Bi-VLA: Vision-Language-Action Model-Based System for Bimanual Robotic Dexterous Manipulations
This research introduces the Bi-VLA (Vision-Language-Action) model, a novel system designed for bimanual robotic dexterous manipulations that seamlessly integrate vision, language understanding, and physical action. The system's functionality was evaluated through a set of household tasks, including the preparation of a desired salad upon human request.

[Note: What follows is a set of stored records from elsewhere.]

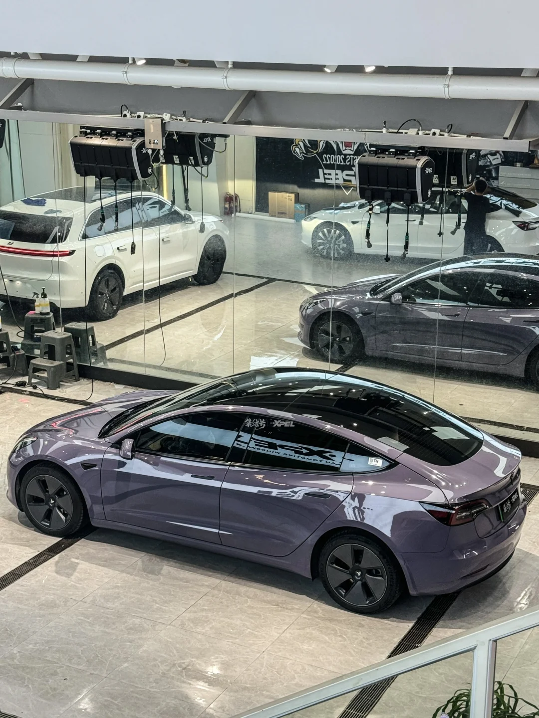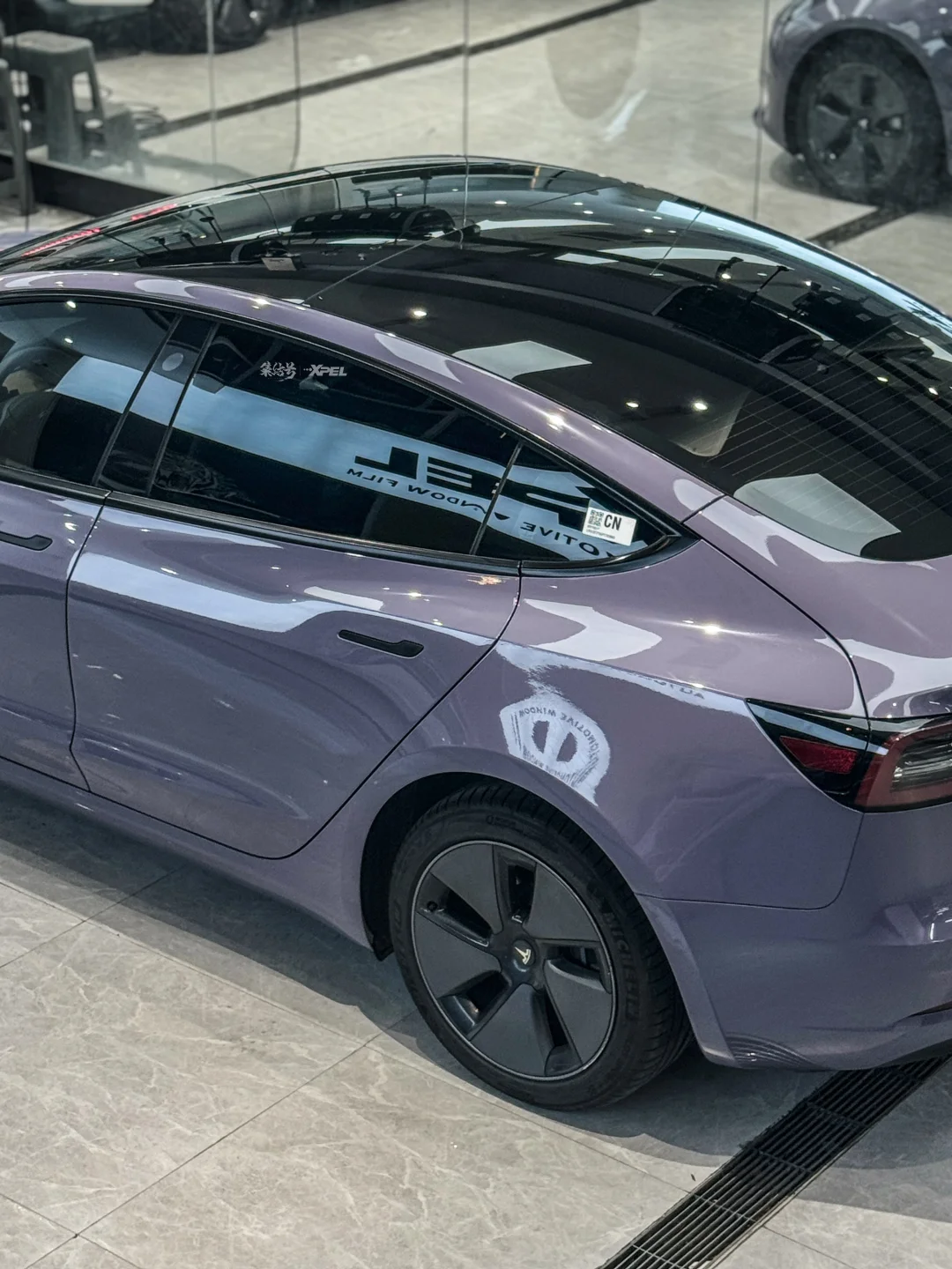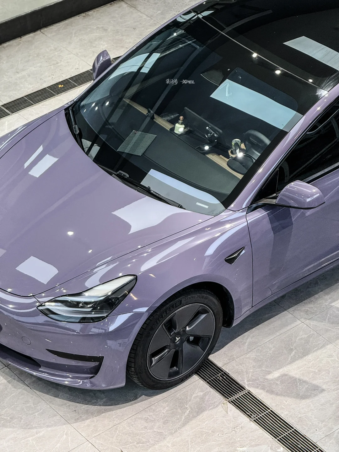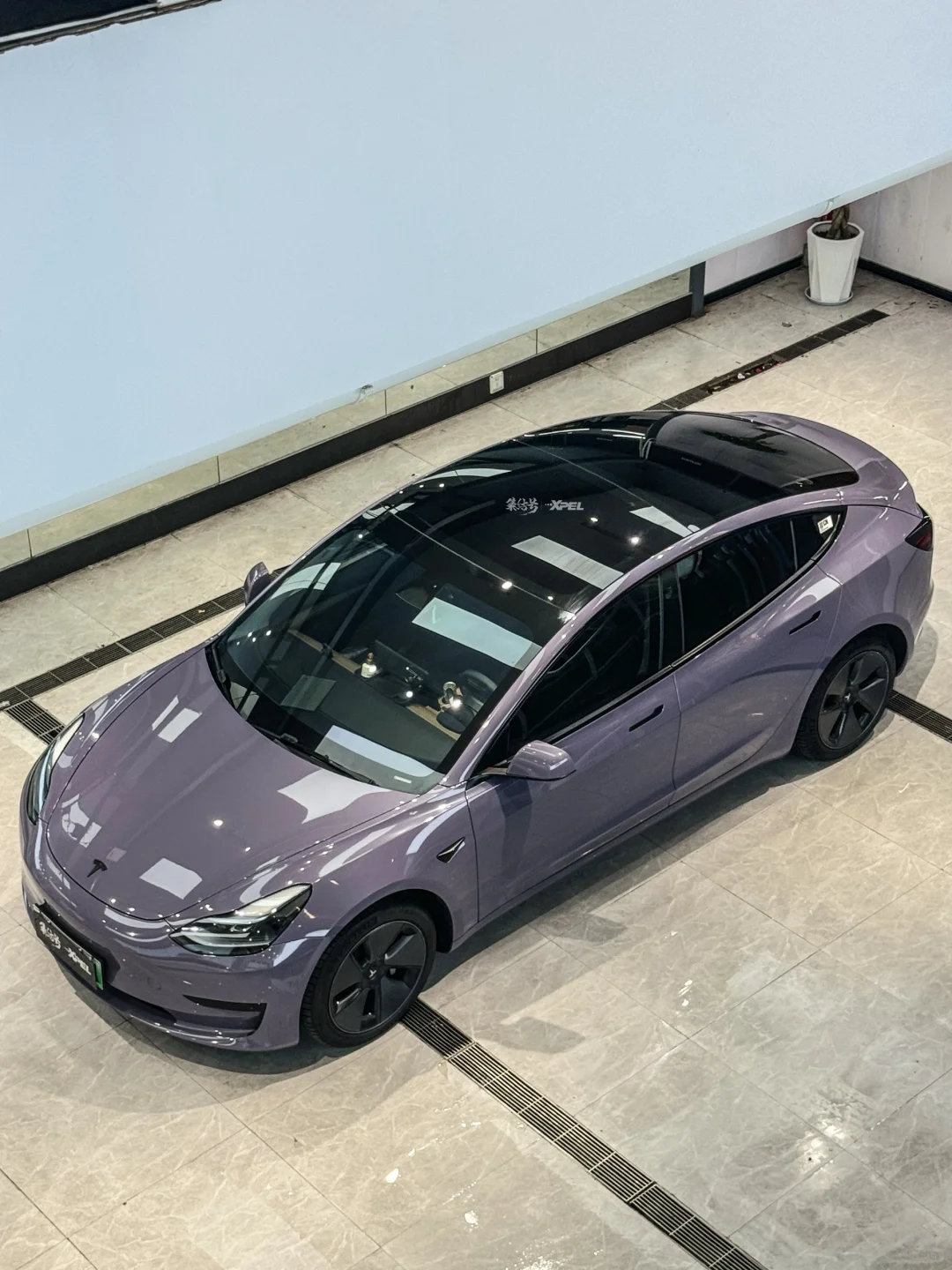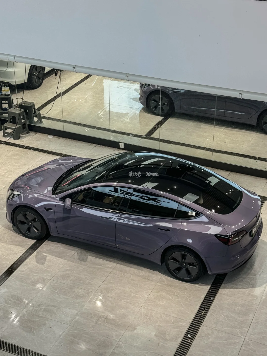特斯拉Model 3换上这紫色膜,低调奢华有内涵,走在路上绝对是吸睛利器啊
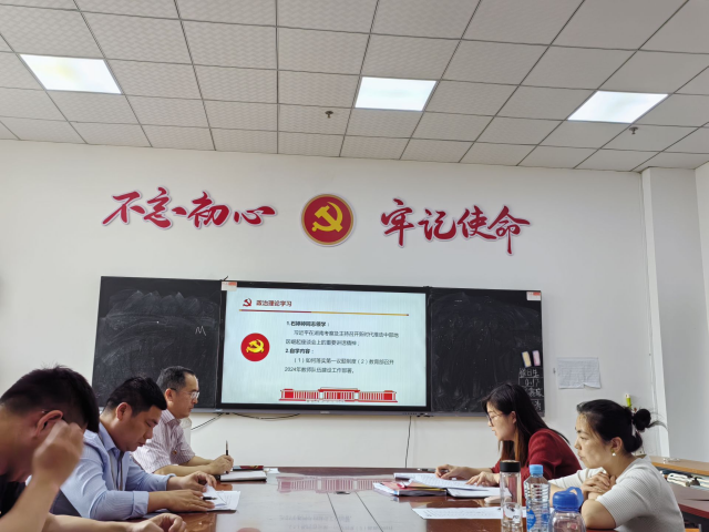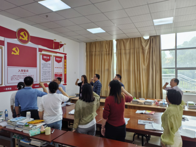 会上,石婷婷同志首先学习传达了习近平总书记考察湖南及在主持召开新时代推动中部地区崛起座谈会上的重要讲话精神,传达了学校党委有关开展国家安全、党纪学习教育等文件和会议精神。其次,对开展党纪学习教育作了动员部署。石婷婷同志领学了中共中央办公厅印发《关于在全党开展党纪学习教育的通知》和《中央党的建设工作领导小组召开会议研究部署党纪学习教育工作》等文件精神,并对开展好学习教育提出了具体要求。根据工作实际,支委邬万荣同志、王扬同志分别领学了《中国共产党纪律处分条例》部分内容,纪检委员吴桂华同志领学《中央纪委国家监委部署开展群众身边不正之风和腐败问题集中整治》有关文件精神;宣传委员孙淑芬同志领学了《中央点名通报3起典型问题》《江西6名干部被通报》等勤廉警示教育相关内容,万琳达、郭慧敏等同志将党纪教育学习与自身工作深入结合,进行了分享交流。支部还组织了本月政治生日党员发表感言,并开展了重温入党誓词活动。
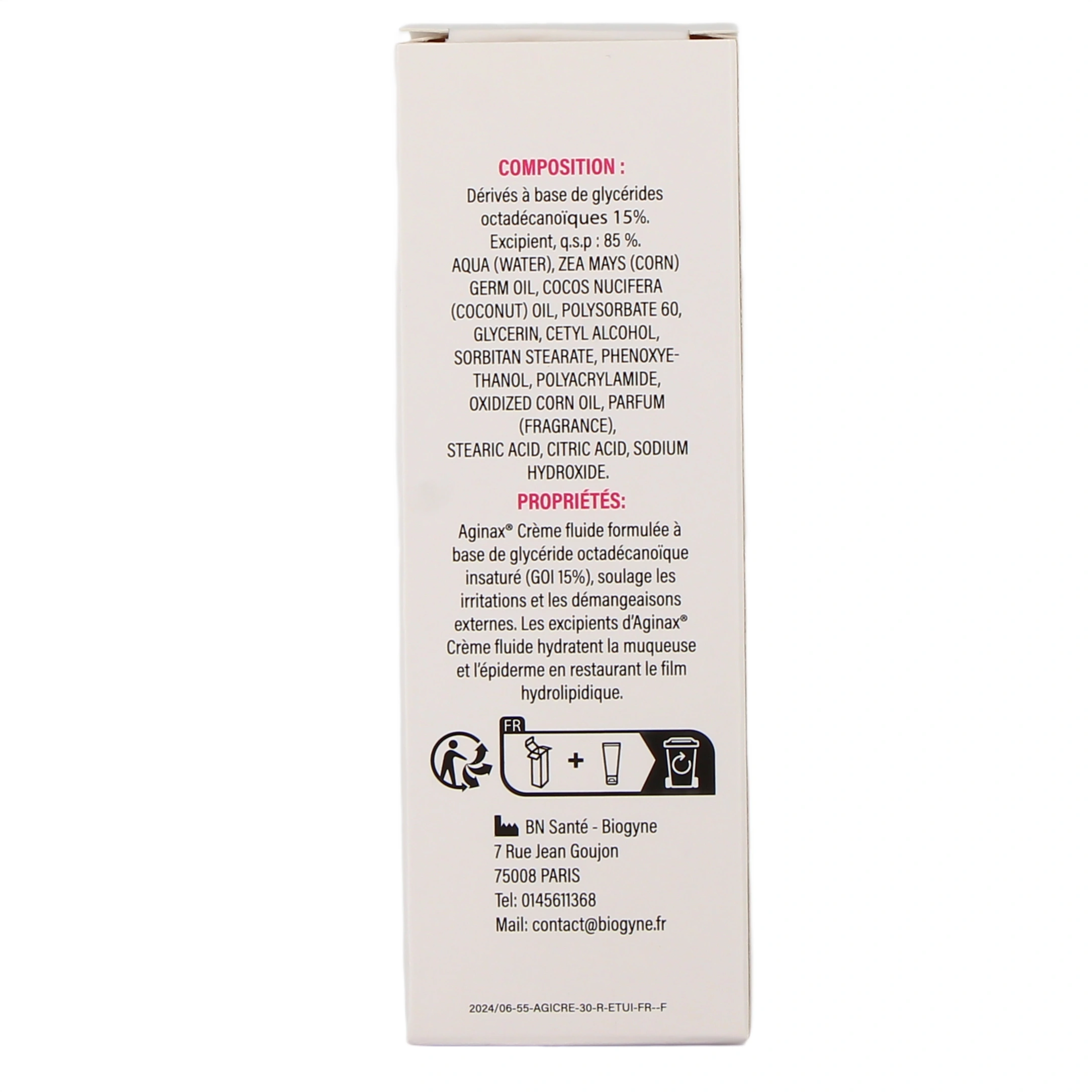 Pharmacie des Drakkars vous propose les présentations suivantes pour la crème fluide Aginax Biogyne : tube de 30 ml.
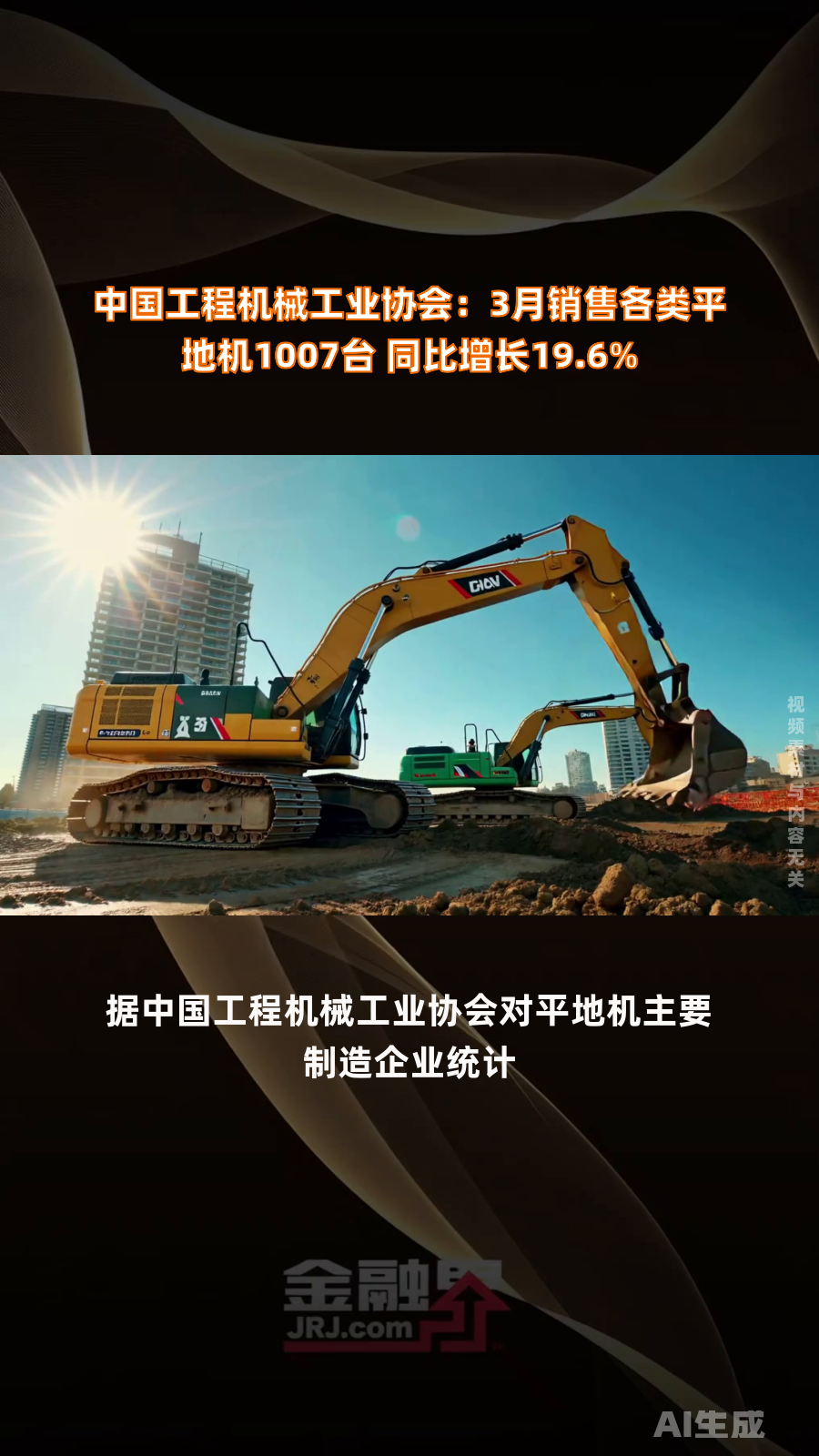 中国工程机械工业协会:3月销售各类平地机1007台 同比增长19.6%
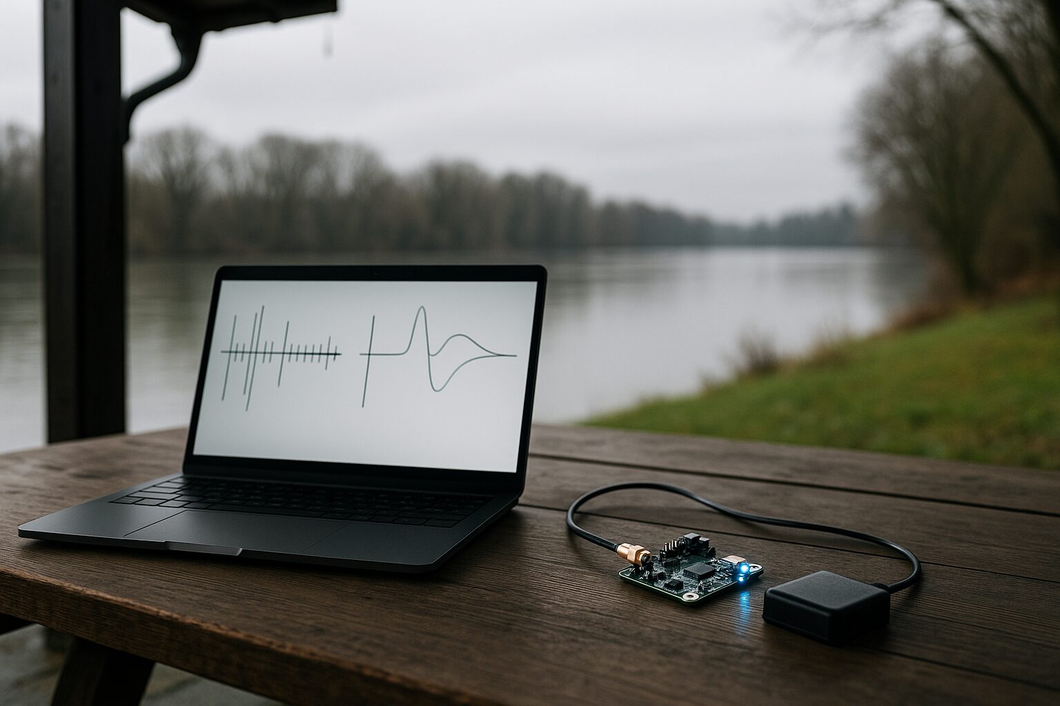 Ich sitze mittags draußen unter dem Vordach. Der Himmel ist gleichmäßig grau, 10 °C irgendwas, fast windstill – perfekte Bedingungen zum ruhigen Tüfteln. Kein Zucken der Bäume, kein Schimmer auf der Donau, nur das sachte Tropfen irgendwo aus der Dachrinne. Genau richtig, um konzentriert die Zeit zu jagen 😉
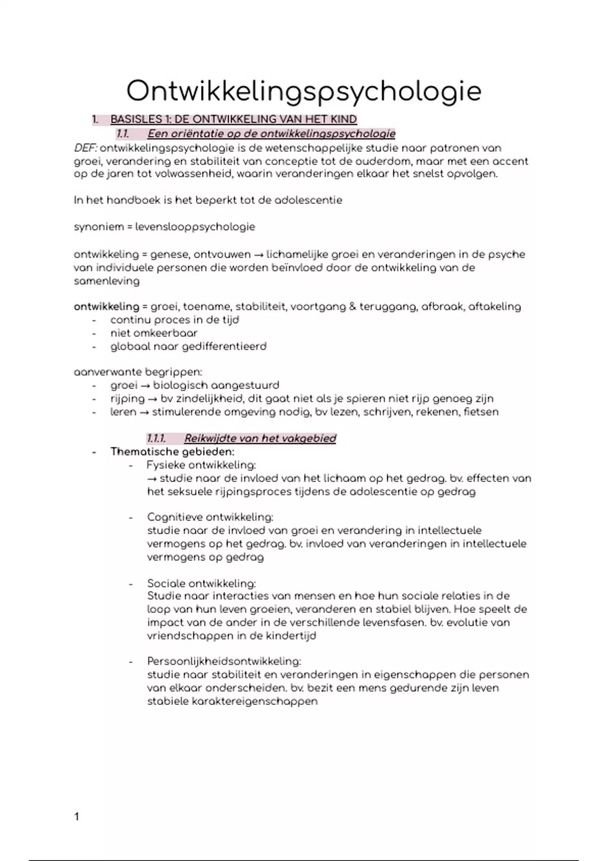 1. BASISLES 1: DE ONTWIKKELING VAN HET KIND
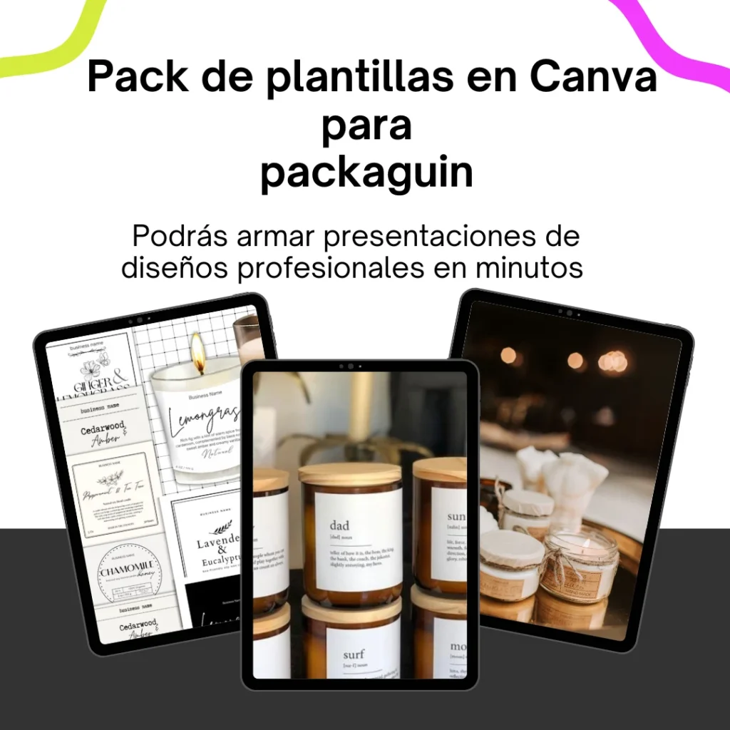 Pack de plantillas de packaging en Canva: etiquetas, stickers y tags. Editables y listas para usar.

Bi-VLA demonstrates the ability to interpret complex human instructions, perceive and understand the visual context of ingredients, and execute precise bimanual actions to assemble the requested salad. Through a series of experiments, we evaluate the system's performance in terms of accuracy, efficiency, and adaptability to various salad recipes and human preferences. Our results indicate a high success rate of 100% in generating the correct executable code by the Language module from the user-requested tasks. The Vision Module achieved a success rate of 96.06% in detecting specific ingredients and an 83.4% success rate in detecting a list of multiple ingredients.